Citation : 2011 Latest Caselaw 610 Del
Judgement Date : 2 February, 2011
* IN THE HIGH COURT OF DELHI AT NEW DELHI
+ RFA No.123/2001
% 2nd February, 2011
SMT. SHANTI DEVI ...... Appellant
Through: None
VERSUS
SH.MANGE RAM GUPTA ...... Respondent
Through: None
CORAM:
HON'BLE MR. JUSTICE VALMIKI J.MEHTA
1. Whether the Reporters of local papers may be
allowed to see the judgment?
2. To be referred to the Reporter or not?
3. Whether the judgment should be reported in the Digest?
VALMIKI J. MEHTA, J (ORAL)
1. This case is on the Regular Board of this Court since 3.1.2011
and today it is effective item no.8 on the Regular Board. It is 3:30 pm. No
one appears for the parties. I have therefore gone through the record and
am proceeding to dispose of the matter.
2. The challenge by means of this Regular First Appeal under
Section 96 of the Code of Civil Procedure, 1908 is to the impugned judgment
and decree dated 9.2.2001 whereby the suit of the appellant/plaintiff for
RFA No.123/2001 Page 1 of 3
recovery of Rs.1,05,000/- was dismissed. The recovery claimed was towards
arrears of rent, water and electricity charges.

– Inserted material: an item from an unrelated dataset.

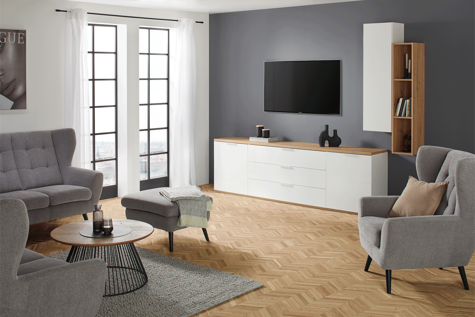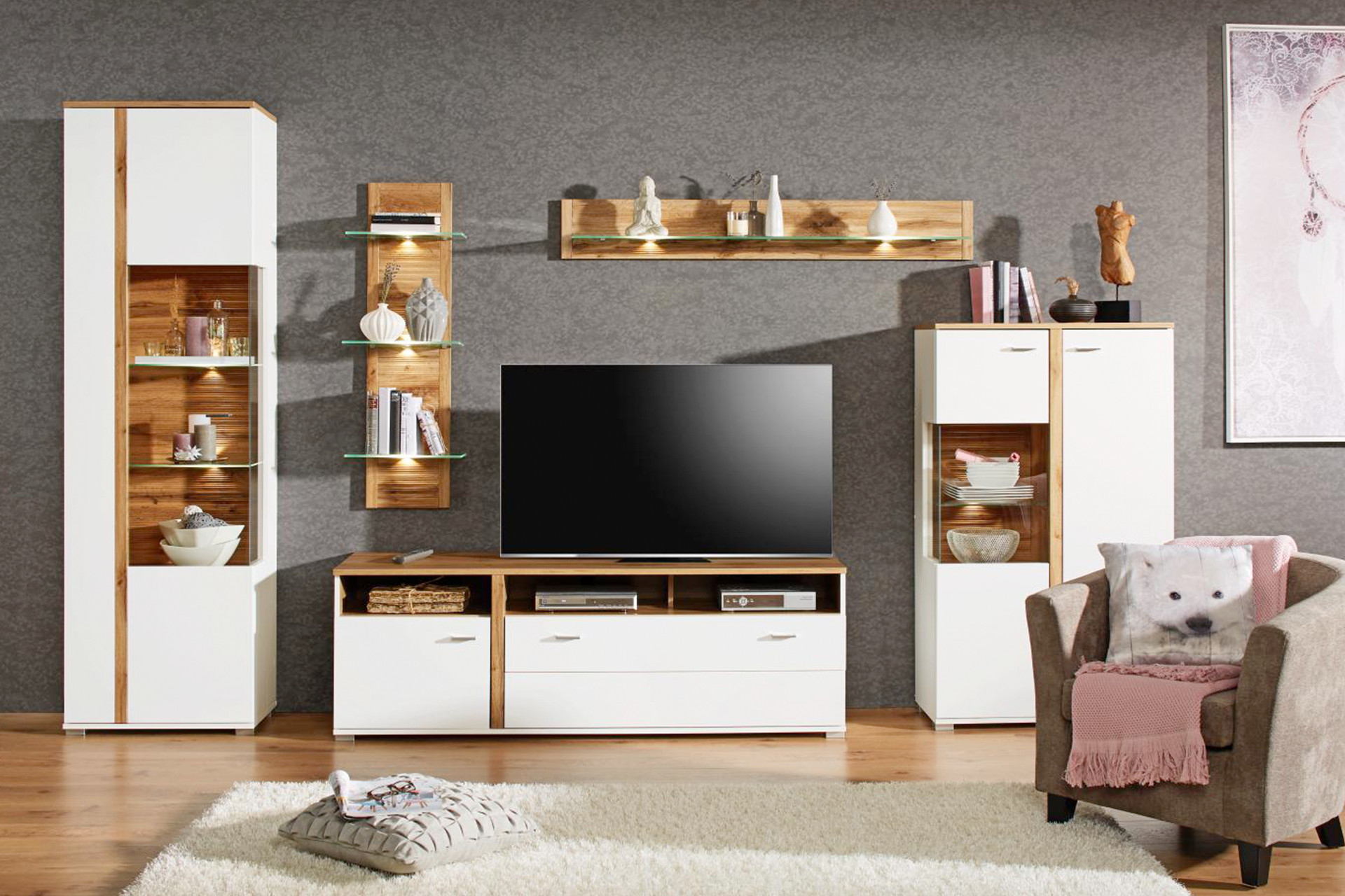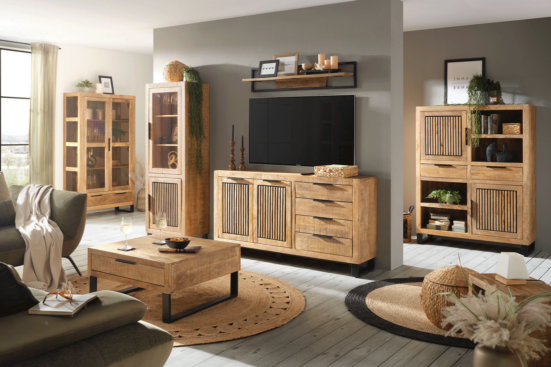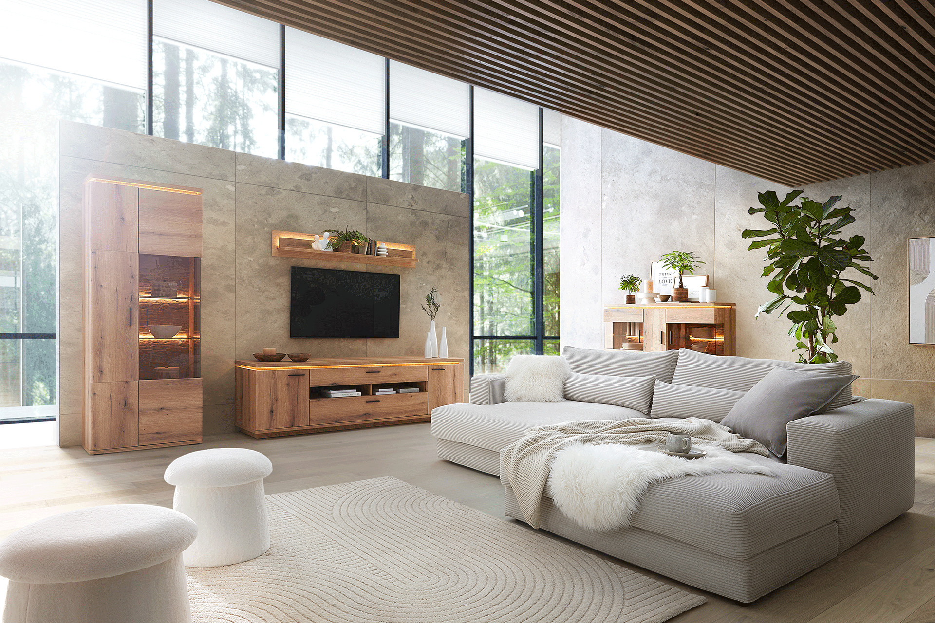 Die Materialien sind bei deinem neuen Wohnzimmer enorm wichtig. Denn nicht nur der Stil, sondern auch Farben und Holzarten müssen zu dir passen. Ein cooler Material-Mix ist dabei eine gute Wahl, denn er sorgt für clevere Abwechslung zwischen sonst eher zurückhaltenden Möbeln. Deine Wohnzimmerserie kann aus Elementen in Schwarz, Weiß oder Grau und ebenso aus Werkstoffen wie Akazie, Mangoholz oder Eiche bestehen. Ganz egal, ob du dich für moderne Wohnzimmermöbel oder Möbel aus Holz entscheidest – probiere doch mal etwas Neues und wage dich an trendige Kombinationen. Dann wird deine neue Wohnzimmerserie sicher zum Gesprächsthema beim nächsten Spieleabend mit Freunden.

3. The Trial Court has held that there was no proof that the rent
was increased from Rs.120/- to Rs.2,000/- The Trial Court has further held
that the property in question was already transferred and the arrears are
claimed from 1991 to 10.4.1996, when the property was sold. The Trial
Court has rightly observed that there was no reason for the
appellant/plaintiff to remain silent from 1991 till 1996 for sending of the
notice claiming arrears of rent if really the rent was in arrears. The Trial
Court has further rightly recorded that there was no proof on record as to
what is the rate of rent. Though, the observations of the Trial Court with
regard to entitlement to recover rent being of the new owner, may not be
called for in the facts and circumstances of the case, however, the
conclusion of the Trial Court is otherwise correct that the appellant/plaintiff
has failed to discharge her onus to prove that the arrears of rent were due to
her, more so because the respondent proved on record sending of two
money orders (exhibited as Ex.DW1/P1to Ex.DW1/P4 which are money order
receipts and the postal receipts) totaling Rs.3,000/- and which were duly
received by a family member of the appellant/plaintiff. The money orders
were sent on 10.1.96 and in the notice dated 26.2.96, Ex.P2, there is no
mention of the money orders for claiming of the amount payable towards the
arrears of rent and other charges from the defendant.
RFA No.123/2001 Page 2 of 3
4. I do not find any illegality and perversity in the impugned
judgment and decree which calls for interference by this Court in appeal.
Merely because two views are possible, this Court is not entitled to interfere
unless the view taken by the Trial Court is perverse. There is no perversity in
the impugned judgment and decree. The appeal is therefore without merits
and the same is dismissed leaving the parties to bear their own costs. The
Trial Court Record be sent back.
February 02, 2011 VALMIKI J. MEHTA, J.